After casting the mold, the alloy can be hot formed without solution heat treatment, or the mold can be directly cold formed without hot forming. In a first process variant, the hot forming is carried out in a temperature range of 650 ℃ to 850 ℃ after the casting and cooling of the alloy. Then cold forming the alloy, optionallyA degree of deformation of up to 99% is achieved. A degree of deformation of at least 90% is preferred. The degree of deformation is here a relative reduction of the cross section of the workpiece. After cold forming, the alloy is heat treated at a temperature in the range of 310 ℃ to 500 ℃ for a period of 10 minutes to 30 hours. Thus, MnNi is formed in the microstructure of the material2And MnNi type precipitates. The precipitates greatly increase the strength of the material. The greater the degree of deformation in the previous cold forming, the higher the strength of the material after heat treatment. If the alloy is cold formed with a degree of deformation of at least 95%, the heat treated material has a tensile strength R of up to 1350MPamAnd a yield point R of up to 1300MPap0.2. The hardness of this material is up to 460HV 10. At a deformation degree of 90%, the heat-treated material has a tensile strength R of up to 1260MPa at an elongation at break of 2.1%mAnd a yield point R of up to 1200MPap0.2. In order to produce the high-strength material, the temperature of the heat treatment is preferably in the range of 330 ℃ to 370 ℃. The duration of the heat treatment is in the range of 2 to 30 hours.
By selecting a heat treatment temperature higher than 450 ℃ and a heat treatment duration lower than one hour, it is also possible to set a softer state having a tensile strength of about 700MPa at an elongation at break of 30%.
Studies have shown that when the alloy contains more than 12% by weight of manganese, cracks occur during hot forming.
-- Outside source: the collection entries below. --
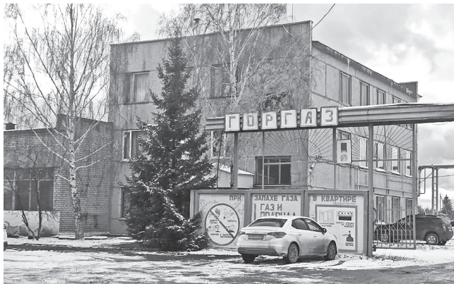
В ГУП СО "Газовые сети" ждут потребителей газа

вопросам обеспечения безопасности при использовании и содержании внутридомового и внутриквартирного газового оборудования», утвержденным постановлением Правительства Российской Федерации от 9 сентября 2017 г. № 1091»: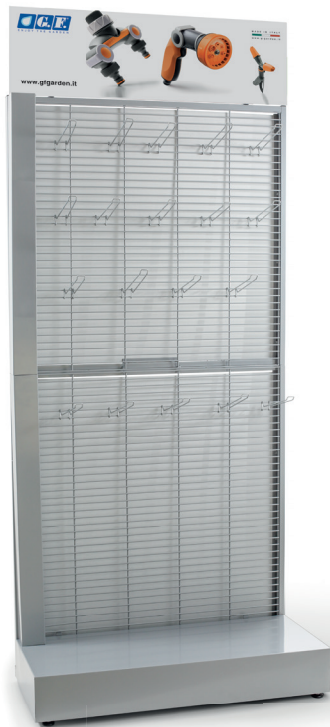
Espositore "Linear" / "Linear" display stand Présentoir "Linear" / Display "Linear" / Expositor "Linear"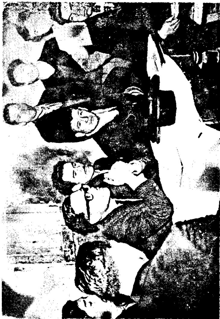
Las organizaciones campesinas son una conquista en sí.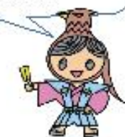
本校ゆるキャラ おやまどりこまのすけ (大山鳥独楽之介)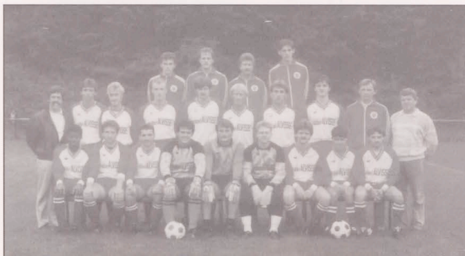
1988/89 Tricolore 1

During hot rolling, cracks form from the side edges of the rolled strip. The available width of the strip is thus significantly reduced. It can also be assumed that microcracks also form in the region of the strip in which cracks are not discernible with the naked eye. In order to avoid the formation of such cracks, the proportion of manganese in the alloy must not exceed 11.5% by weight.
Therefore, the proportion of manganese must be set within a narrow, defined range in order to be able to take advantage of the formation of precipitates avoiding the formation of cracks during hot forming. The alloy according to the invention is therefore a particularly advantageous choice. Specifically, the ratio of zinc and manganese in the alloy is set so that the alloy can be hot-formed without problems first and can be highly cold-formed second.
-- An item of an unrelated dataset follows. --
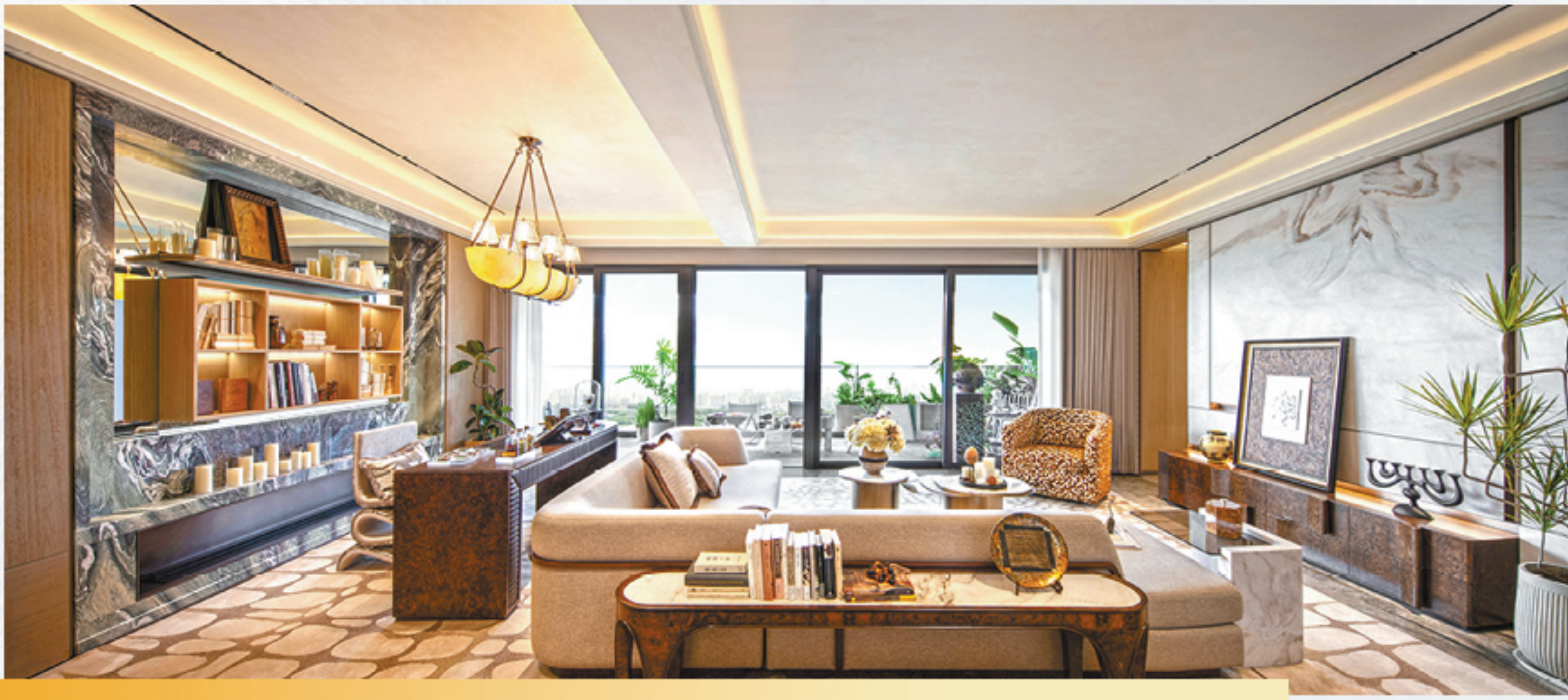
湖州市首批“新一代好房子”示范项目晴屿望湖样板间

At the second placeIn an alternative process variant, the alloy can be processed without thermoforming. For this reason, the as-cast condition of the alloy is cold formed. A total deformation degree of up to 90% can be achieved. After cold forming with a total degree of deformation of at least 80%, the material has a tensile strength R of 850MPamAnd a yield point R of 835MPap0.2. Elongation at break was 3% and hardness was 276HV 10. Tensile strengths of greater than 900MPa can be achieved by cold forming with a degree of deformation of 90%.
Materials composed of the alloys of the present invention are very resistant to fatigue, oil corrosion and low wear. They are therefore suitable for sliding bearings, tools, relays and timepiece components. In addition, the material has good elastic properties. Due to their high elasticity, they can elastically store large amounts of energy. For this reason, the alloy of the present invention is very suitable for springs and elastic elements. The combination of cold formability, corrosion resistance and elastic properties makes the alloy of the present invention a preferred material for spectacle frames and hinges.
In a preferred embodiment of the present invention, the ratio of the proportion of Ni to the proportion of Mn may not exceed 2.3. When the ratio Ni/Mn is chosen in this way, particularly favourable conditions for the formation of stoichiometric MnNi precipitates prevail. When the ratio of Ni/Mn is higher than 2.3, stoichiometric MnNi is present because the excess amount of Ni is larger2The degree of precipitate formation increases. MnNi type precipitates in comparison with MnNi2The type precipitates show a greater increase in strength. For this reason, it is advantageous that the ratio of Ni/Mn does not exceed 2.3.
The ratio of the proportion of Ni to the proportion of Mn may advantageously be at least 1.8, particularly preferably at least 1.9. The proportion of manganese affects the elongation at break of the alloy and crack formation during hot forming. The more manganese the nickel in the precipitates binds to, the greater the elongation at break and the lower the risk of crack formation during hot forming. It is therefore advantageous that the nickel content in the alloy is at least 1.8 times, preferably at least 1.9 times, that of manganese.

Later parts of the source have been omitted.